A companion function amf_plot_datayear() can be used for visualizing the data availability in an interactive figure. However, it is strongly advised to subset the sites, variables, and/or years for faster processing and better visualization.

#### not evaluated so to reduce vignette size
# plot data availability for WS & USTAR
#  for selected sites in 2015-2018
amf_plot_datayear(
  site_set = crop_ls4$SITE_ID,
  var_set = c("WS", "USTAR"),
  nonfilled_only = TRUE,
  year_set = c(2015:2018)
)

Get data summary

In addition, users can use amf_summarize_data() to query the summary statistics of specific variables in the BASE data. The amf_summarize_data() provides summary statistics for each variable (e.g., percentiles) before downloading the data.

By default, amf_summarize_data() returns variable summary (selected percentiles) for all variables and sites. The site_set and var_set parameters can be used to subset the sites or variables of interest.
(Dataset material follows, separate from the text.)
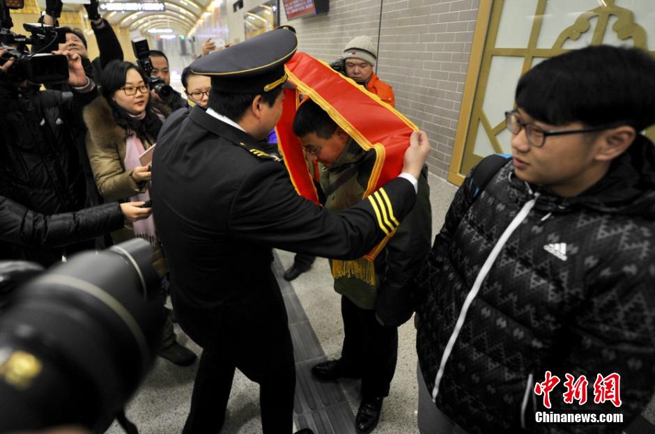 Photo taken on Dec. 28, 2014 shows the first passenger of subway Line 7 at a transfer station in Beijing. Beijing began trial operations of four new subway lines on Sunday in the latest effort to ease the city's traffic jams. (China News Service/Jin Shuo)

## get data summary for selected sites & variables
data_sum <- amf_summarize_data(site_set = crop_ls3$SITE_ID,
                     var_set = c("WS", "USTAR"))
pander::pandoc.table(data_sum[c(1:10), ])
Table continues below
  SITE_ID VARIABLE BASENAME GAP_FILLED DATA_RECORD
3595 US-ARM WS_1_1_1 WS FALSE 324084
3598 US-ARM USTAR_1_1_1 USTAR FALSE 324084
3651 US-ARM WS_1_2_1 WS FALSE 324084
3654 US-ARM USTAR_1_2_1 USTAR FALSE 324084
3678 US-ARM WS_1_3_1 WS FALSE 324084
3681 US-ARM USTAR_1_3_1 USTAR FALSE 324084
8686 US-Ne1 USTAR_1_1_1 USTAR FALSE 175320
8758 US-Ne1 WS_1_1_1 WS FALSE 175320
8759 US-Ne1 WS_1_2_1 WS FALSE 175320
8760 US-Ne1 WS_1_3_1 WS FALSE 175320
Table continues below
  DATA_MISSING Q01 Q05 Q10 Q15 Q20
3595 22376 0.5105 1.064 1.451 1.757 2.027
3598 21995 0.02875 0.0533 0.07737 0.1022 0.1279
3651 31002 0.8269 1.728 2.395 2.903 3.342
3654 30042 0.03132 0.05613 0.07933 0.1022 0.1266
3678 49875 0.9939 2.136 3.012 3.704 4.292
3681 44634 0.03308 0.05806 0.08016 0.1015 0.1244
8686 15578 0.024 0.049 0.071 0.093 0.116
8758 118560 0.55 0.94 1.19 1.37 1.53
8759 10493 0.8 1.2 1.49 1.72 1.95
8760 11666 0.52 0.77 0.99 1.19 1.39
Table continues below
  Q25 Q30 Q35 Q40 Q45 Q50 Q55
3595 2.281 2.539 2.805 3.083 3.37 3.678 4.008
3598 0.1542 0.1803 0.2061 0.2314 0.2566 0.2819 0.3076
3651 3.741 4.12 4.484 4.844 5.211 5.579 5.958
3654 0.1525 0.1796 0.2063 0.2332 0.2604 0.2874 0.3145
3678 4.817 5.31 5.786 6.254 6.711 7.169 7.64
3681 0.1499 0.1782 0.2072 0.237 0.2666 0.2959 0.326
8686 0.14 0.164 0.188 0.213 0.238 0.263 0.289
8758 1.68 1.81 1.96 2.1 2.26 2.44 2.63
8759 2.17 2.4 2.64 2.89 3.16 3.44 3.75
8760 1.59 1.79 2 2.22 2.45 2.71 3.01
Table continues below
  Q60 Q65 Q70 Q75 Q80 Q85 Q90
3595 4.362 4.743 5.162 5.635 6.176 6.837 7.696
3598 0.334 0.3621 0.3927 0.4261 0.4644 0.5097 0.5673
3651 6.346 6.766 7.227 7.75 8.373 9.129 10.16
3654 0.3422 0.3712 0.4013 0.434 0.4713 0.5144 0.569
3678 8.12 8.606 9.112 9.653 10.25 10.97 11.94
3681 0.3572 0.3891 0.4231 0.4599 0.5007 0.549 0.6108
8686 0.315 0.343 0.373 0.406 0.4438 0.49 0.551
8758 2.85 3.1 3.38 3.69 4.04 4.48 5.06
8759 4.1 4.49 4.93 5.42 6 6.7 7.62
8760 3.34 3.73 4.17 4.69 5.28 5.98 6.87
  Q95 Q99
3595 8.947 11.25
3598 0.6527 0.828
3651 11.7 14.44
3654 0.6505 0.8178
3678 13.42 16.29
3681 0.7058 0.9155
8686 0.645 0.852
8758 5.93 7.61
8759 9.01 11.65
8760 8.19 10.61

Alternatively, a companion function amf_plot_datasummary() provides interactive visualization to the data summary.

#### not evaluated so to reduce vignette size
## plot data summary of USTAR for selected sites, 
amf_plot_datasummary(
  site_set = crop_ls3$SITE_ID,
  var_set = c("USTAR")
)
#### not evaluated so to reduce vignette size
## plot data summary of WS for selected sites, 
#  including clustering information
amf_plot_datasummary(
  site_set = crop_ls3$SITE_ID,
  var_set = c("WS"),
  show_cluster = TRUE
)

Once having a target site list, users can download these sites’ data and metadata using the site IDs. See Data import for data download and import examples.